# PROBLEM DETAILS:
For the listing below, output exactly the lines from the line with "Car has always" up to and including the line with "8 мм Кошачий", and no other lines.
*** SOURCE MATERIAL Section Begins ***
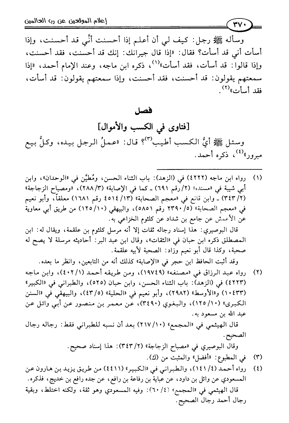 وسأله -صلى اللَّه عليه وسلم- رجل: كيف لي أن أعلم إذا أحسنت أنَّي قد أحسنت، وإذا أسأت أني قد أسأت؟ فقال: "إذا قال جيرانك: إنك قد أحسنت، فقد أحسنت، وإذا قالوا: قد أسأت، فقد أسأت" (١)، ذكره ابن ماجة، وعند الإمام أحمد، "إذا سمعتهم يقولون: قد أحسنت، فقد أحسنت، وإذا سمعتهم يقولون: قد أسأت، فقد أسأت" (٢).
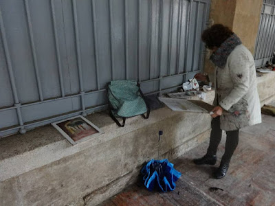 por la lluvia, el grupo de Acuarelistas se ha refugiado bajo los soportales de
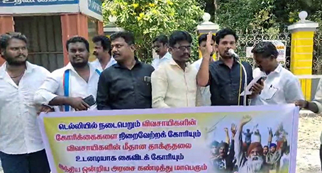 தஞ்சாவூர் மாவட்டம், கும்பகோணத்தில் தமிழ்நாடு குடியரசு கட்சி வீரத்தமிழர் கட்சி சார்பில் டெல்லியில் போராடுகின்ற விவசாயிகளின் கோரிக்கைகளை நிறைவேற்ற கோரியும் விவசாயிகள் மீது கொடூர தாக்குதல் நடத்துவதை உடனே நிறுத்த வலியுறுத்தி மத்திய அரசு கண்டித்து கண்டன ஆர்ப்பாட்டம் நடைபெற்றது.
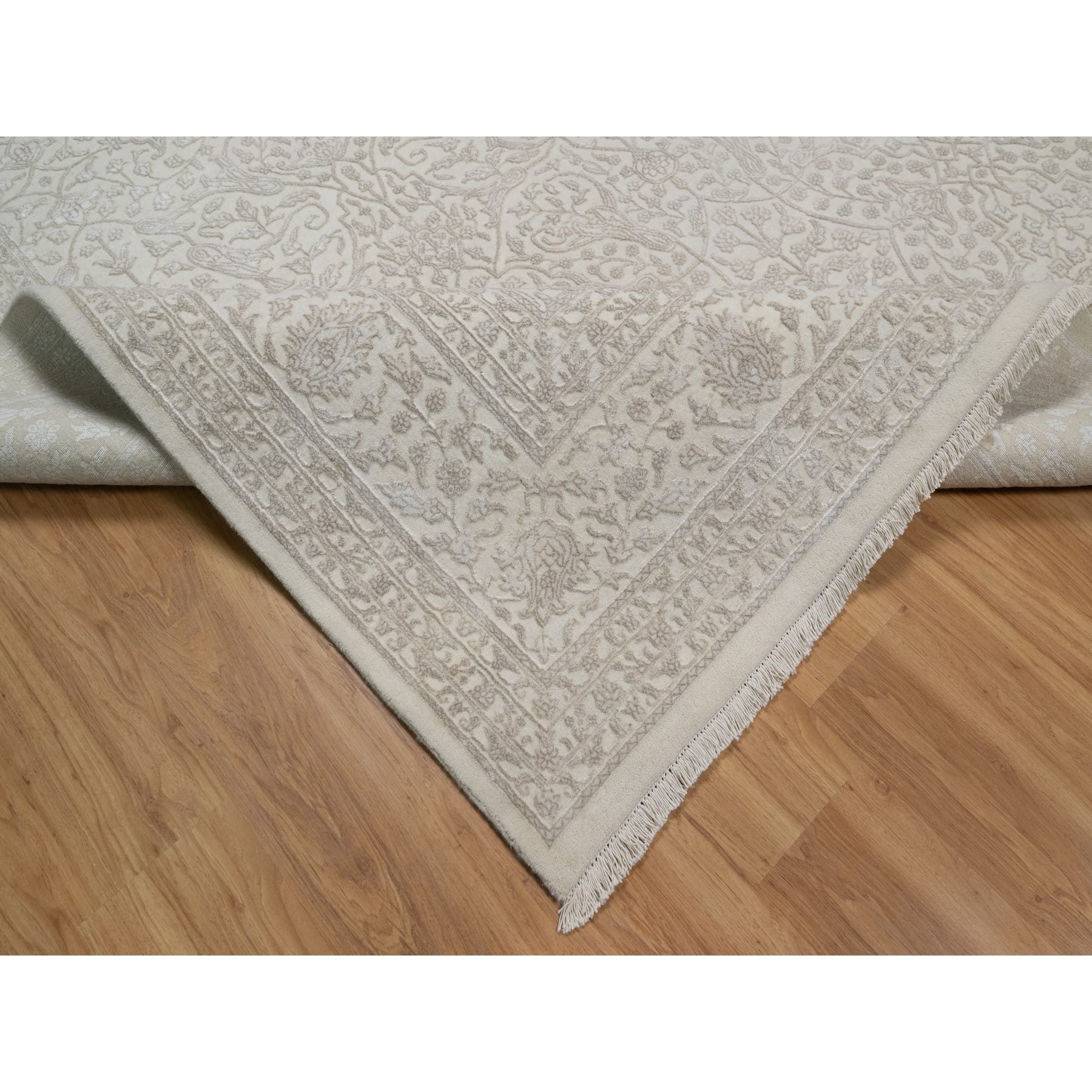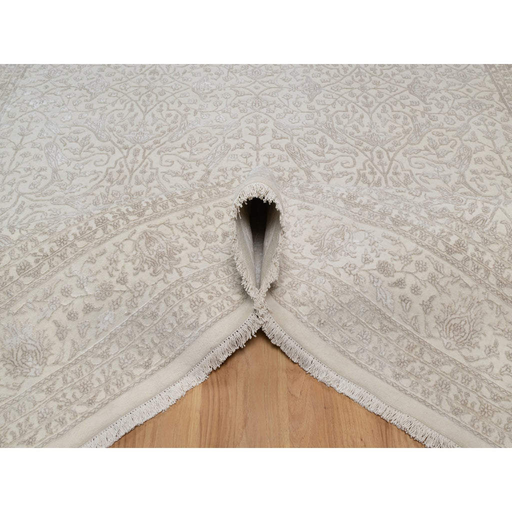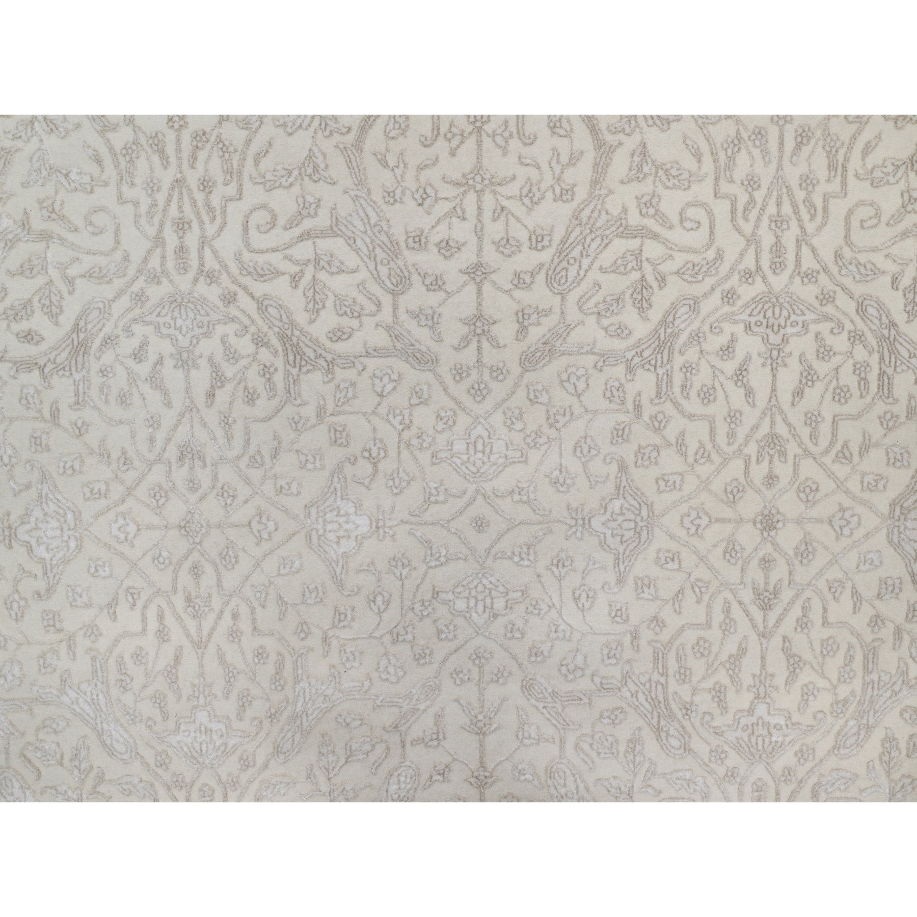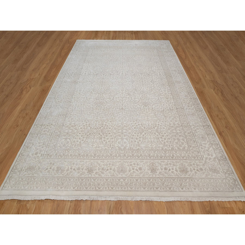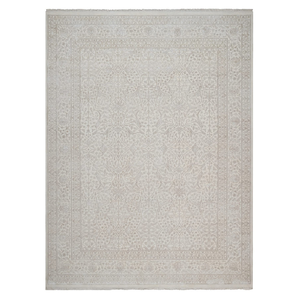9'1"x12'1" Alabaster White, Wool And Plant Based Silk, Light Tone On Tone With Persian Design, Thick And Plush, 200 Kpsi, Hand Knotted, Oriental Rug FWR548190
*** SOURCE MATERIAL Section Ends ***
*** SOURCE MATERIAL Section Begins ***
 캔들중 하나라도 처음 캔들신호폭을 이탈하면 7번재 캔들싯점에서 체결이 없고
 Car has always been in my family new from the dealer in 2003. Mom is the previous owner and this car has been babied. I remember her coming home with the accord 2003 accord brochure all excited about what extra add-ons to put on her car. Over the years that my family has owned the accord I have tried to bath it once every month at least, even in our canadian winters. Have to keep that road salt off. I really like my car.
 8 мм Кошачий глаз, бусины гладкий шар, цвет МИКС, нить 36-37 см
*** SOURCE MATERIAL Section Ends ***
# RESPONSE TO THIS TASK:
 Car has always been in my family new from the dealer in 2003. Mom is the previous owner and this car has been babied. I remember her coming home with the accord 2003 accord brochure all excited about what extra add-ons to put on her car. Over the years that my family has owned the accord I have tried to bath it once every month at least, even in our canadian winters. Have to keep that road salt off. I really like my car.
 8 мм Кошачий глаз, бусины гладкий шар, цвет МИКС, нить 36-37 см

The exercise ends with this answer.